D.C. Gives Chuck Brown Rousing Sendoff
Barrington M. Salmon | 6/6/2012, 11:35 a.m.
If there was ever any doubt about the depth of the affection D.C. has for Chuck Brown, last Thursday's memorial service and the thousands of people who bid the chief architect of Go-Go goodbye put that to rest.
At the Celebration of Life at the Walter E. Washington Convention Center in Northwest, more than 10,000 people - dignitaries, celebrities, government officials and ordinary Washingtonians - crowded into a massive auditorium for the almost four-hour service. In keeping with Brown's wishes, the memorial was more party than funeral, more festive than somber.
Veronica Ambrose, her daughter Miya, 33, and granddaughter Kaiara, 17, stood in line for more than two hours to get in.
"Chuck is definitely a legend. I grew up with his music," said Ambrose, a 55-year-old program coordinator who works at Howard University. "I like his spirit. He's a very humble man who showed a lot of love. I wanted to be a part of history."

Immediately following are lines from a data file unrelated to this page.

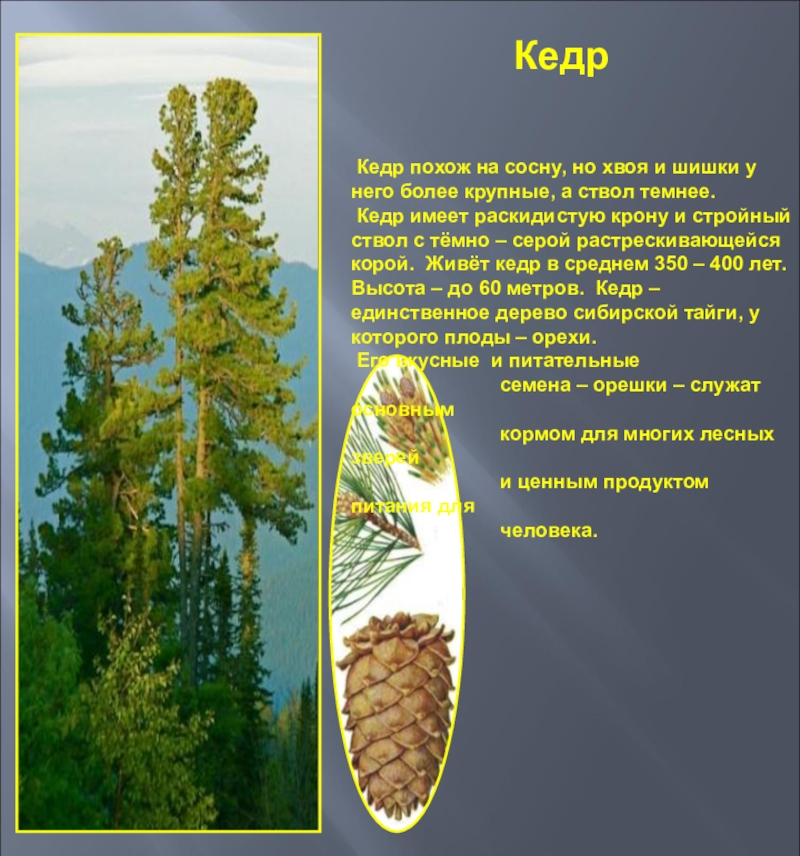 ствол с тёмно – серой растрескивающейся корой. Живёт кедр в среднем 350 – 400 лет. Высота – до 60 метров. Кедр – единственное дерево сибирской тайги, у которого плоды – орехи.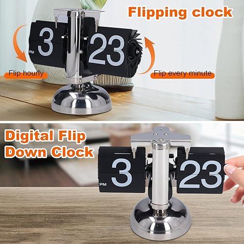 Horloge Digitale, Horloge mécanique Automatique à Rotation de Page alimentée par Batterie, Horloge à Rabat Rétro, Unique à la Mode Horloge Flip Flap pour Ornement de Bureau décor à la Maison de Bure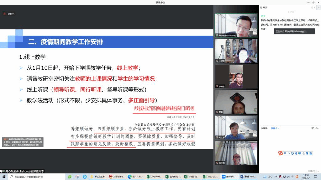2022年1月5日yl23455永利官网召开疫情防控期间本科教学质量保障工作线上布置推进会,会议由教学院长刘立忠主持,各教研室、实验室书记、主任、副主任以及教学办工作人员参会。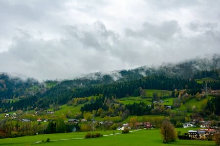 Natural rural landscape with traditional wooden houses in the valley of Enns River at the foot of Rossbrand mountain, part of the Salzburg Slate Alps, Austria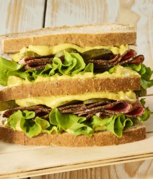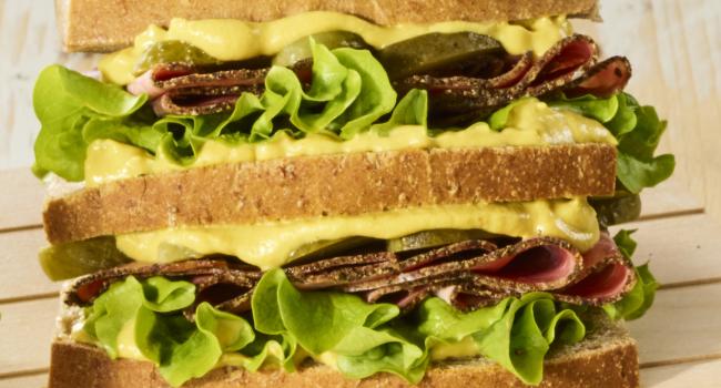 New York sandwich avec Pastrami, Moutarde et Cornichons au vinaigre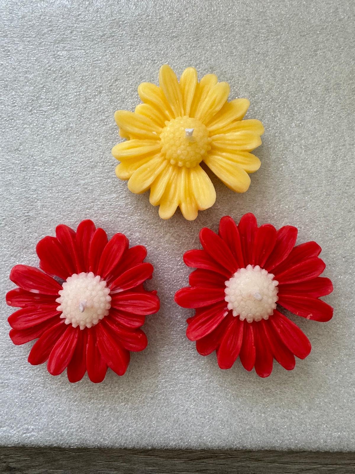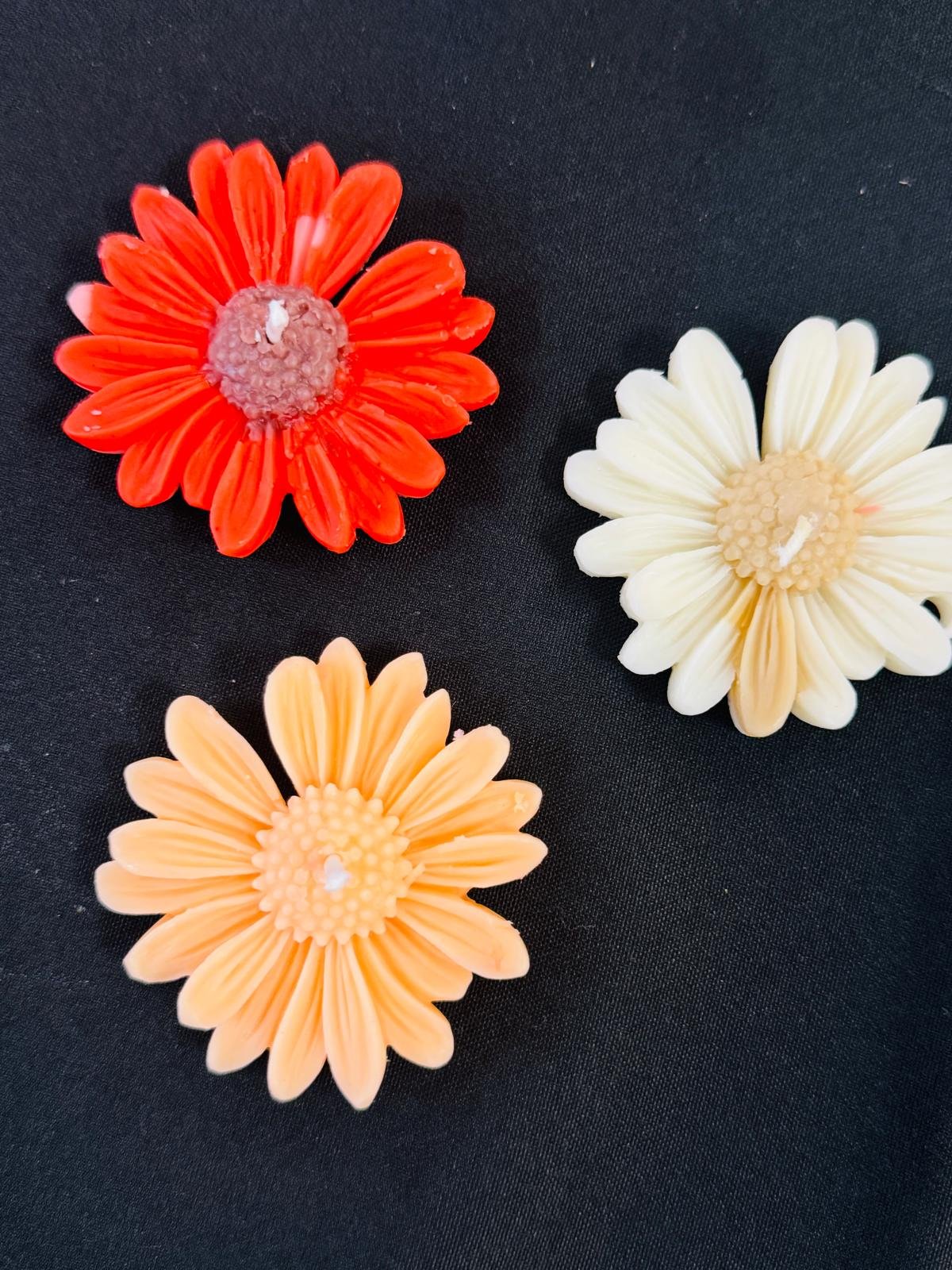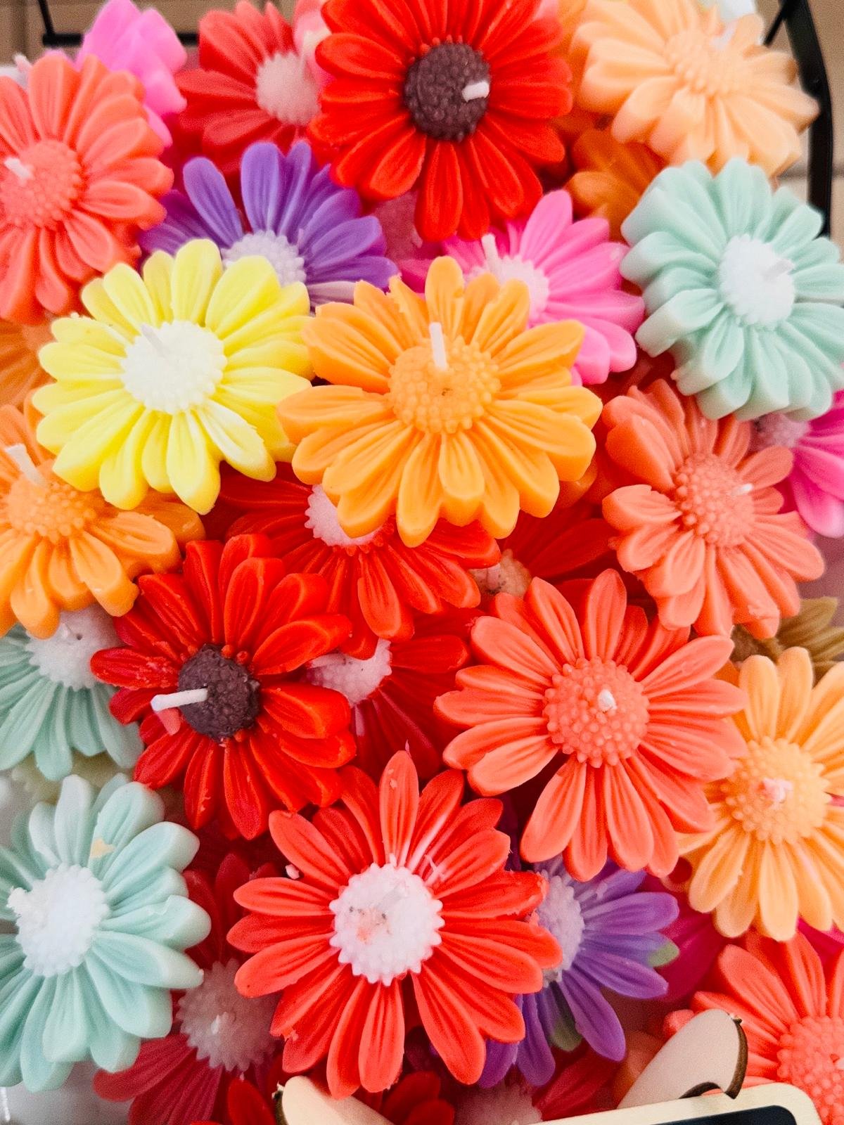 These are beautiful, brightly colored, handmade floral float candles, shaped like Gerber daisies or similar flowers. They come in a variety of vibrant hues, including red, orange, yellow, pink, purple, and mint green, creating a cheerful, colorful display. Each candle has a wick centered in the middle of the flower shape. They are a scented and are designed to float in water for decorative use.
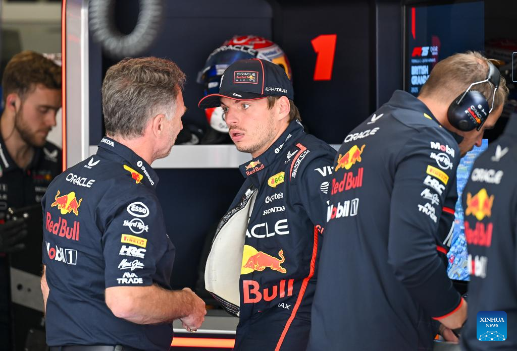 Christian Horner (2nd L) talks with Red Bull Racing's driver Max Verstappen (C) of the Netherlands during a free practice of the Formula One British Grand Prix 2025 at the Silverstone Circuit, in Sliverstone, Britain, July 4, 2025. Christian Horner has been dismissed as team principal and CEO of Red Bull Racing, ending a 20-year tenure that transformed the team into one of the most successful outfits in Formula 1 history. (Xinhua/Wu Lu)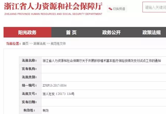 近日,浙江省人社廳下發(fā)《關(guān)于開展肝移植術(shù)基本醫(yī)療保險按績效支付試點(diǎn)工作的通知》,決定開展肝移植術(shù)基本醫(yī)療保險按績效支付試點(diǎn)。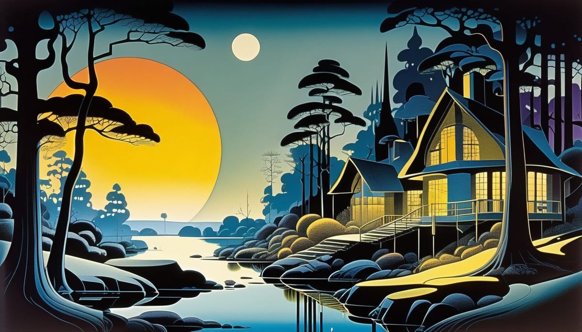 This image depicts a 19th-century cottage at dusk, rendered in a detailed hand-drawn digital illustration style reminiscent of retro D&D art, with cinematic lighting and reflective surfaces.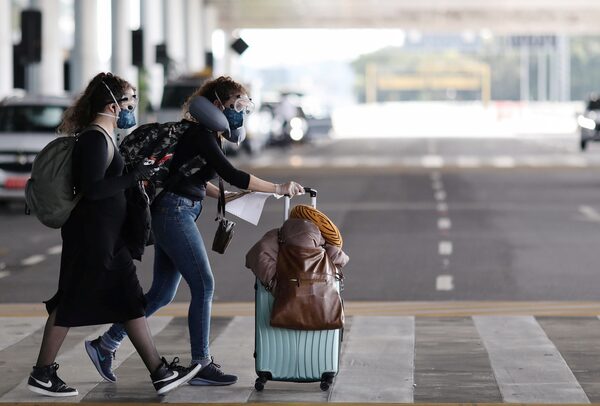 Women wear protective face masks at the Guarulhos International Airport in BraziI on March 18, 2020.ROOSEVELT CASSIO/Reuters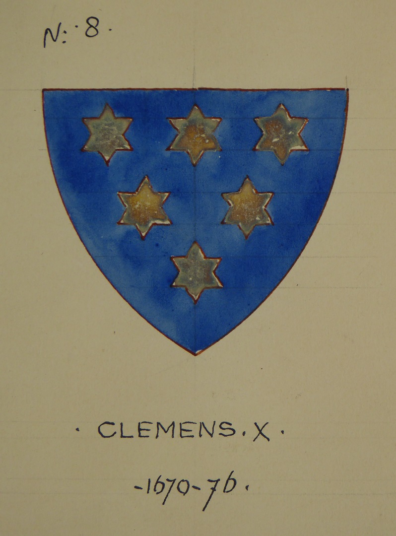 Tekening met blauw schild met zes sterren en "No. 8 Clemens X 1670-76"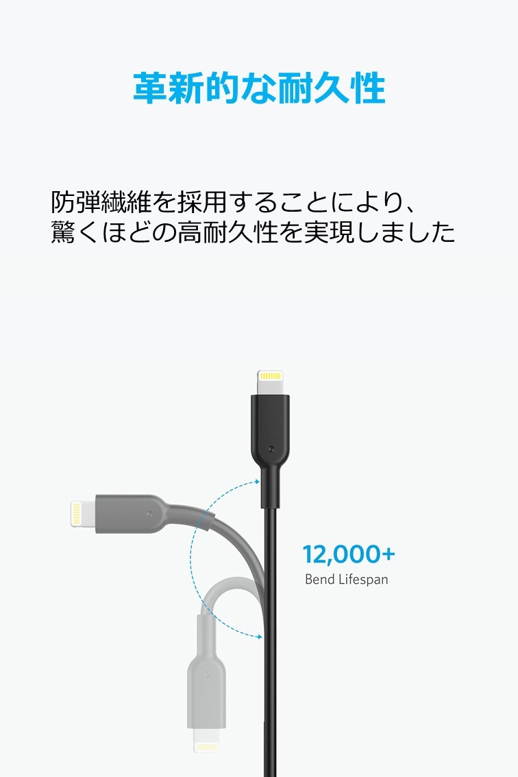 ・究極の耐久性:一般的なケーブルより12倍以上の耐久性をもち、12000回以上の厳しい折り曲げテストもクリアしました。

"Most importantly, I have the Go-Go swing," she joked. "I stood in line for two hours because I just like what he stood for," the Northeast resident said.
Brown, 75, fell ill in March, was hospitalized and died May 16 at Johns Hopkins Hospital in Baltimore. Last Tuesday, an estimated 12,000 people paid their respects to Brown who lay in state at the Howard Theatre in the Shaw community. City officials, Go-Go legends, aficionados of D.C.'s singular music, and others folks walked past Brown's golden casket during a day-long public viewing.
Inside the Convention Center, a mixture of church music and Go-Go beats suffused the auditorium. Brown's casket on a catafalque stood before the stage, surrounded by large circular wreathes of orange and white. Along the length of the casket lay a bed of stunning white flowers. Seven large screens flashed images of Brown regaling the people he loved so much, others captured his trademark grin and his effusive, natural and unaffected manner, while more were snapshots of the Go-Go icon at various periods along his musical journey.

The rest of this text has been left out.